On 23.12.24 15:24, David Woodhouse wrote:
> On Tue, 2024-12-17 at 12:18 +0000, Xen.org security team wrote:
>>               Xen Security Advisory CVE-2024-53241 / XSA-466
>>                                  version 3
>>
>>           Xen hypercall page unsafe against speculative attacks
>>
>> UPDATES IN VERSION 3
>> ====================
>>
>> Update of patch 5, public release.
> 
> Can't we even use the hypercall page early in boot? Surely we have to
> know whether we're running on an Intel or AMD CPU before we get to the
> point where we can enable any of the new control-flow integrity
> support? Do we need to jump through those hoops do do that early
> detection and setup?

The downside of this approach would be to have another variant to do
hypercalls. So you'd have to replace the variant being able to use AMD
or INTEL specific instructions with a function doing the hypercall via
the hypercall page.

I'm planning to send patches for Xen and the kernel to add CPUID feature
bits indicating which instruction to use. This will make life much easier.
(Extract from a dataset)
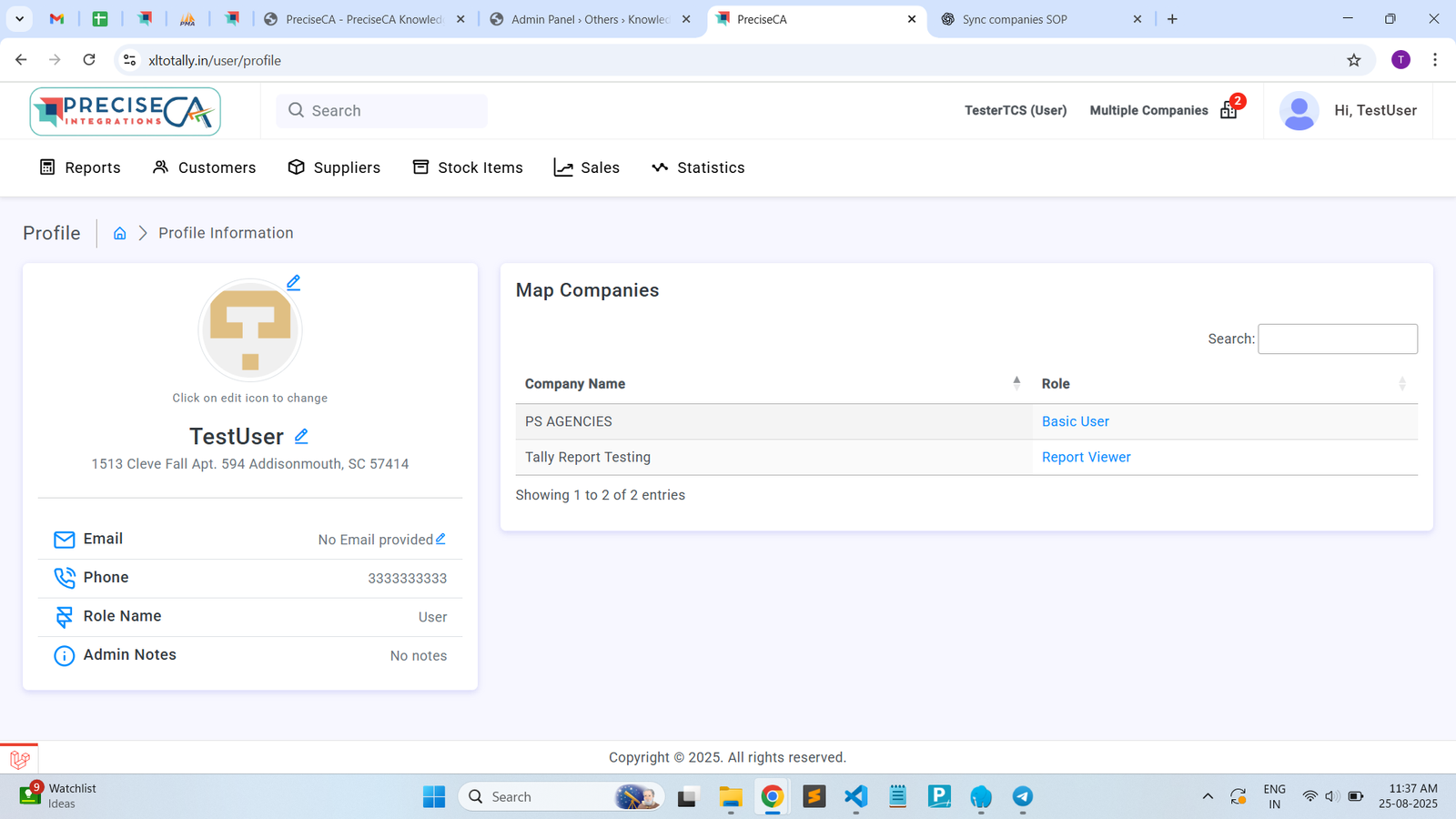 When a user logs into PreciseCA, they can access their profile by:

> Enabling the hypercall page is also one of the two points where Xen
> will 'latch' that the guest is 64-bit, which affects the layout of the
> shared_info, vcpu_info and runstate structures.
> 
> The other such latching point is when the guest sets
> HVM_PARAM_CALLBACK_IRQ, and I *think* that should work in all
> implementations of the Xen ABI (including QEMU/KVM and EC2). But would
> want to test.
> 
> But perhaps it wouldn't hurt for maximal compatibility for Linux to set
> the hypercall page *anyway*, even if Linux doesn't then use it — or
> only uses it during early boot?

I'm seeing potential problems with that approach when someone is using
an out-of-tree module doing hypercalls.

With having the hypercall page present such a module would add a way to do
speculative attacks, while deleting the hypercall page would result in a
failure trying to load such a module.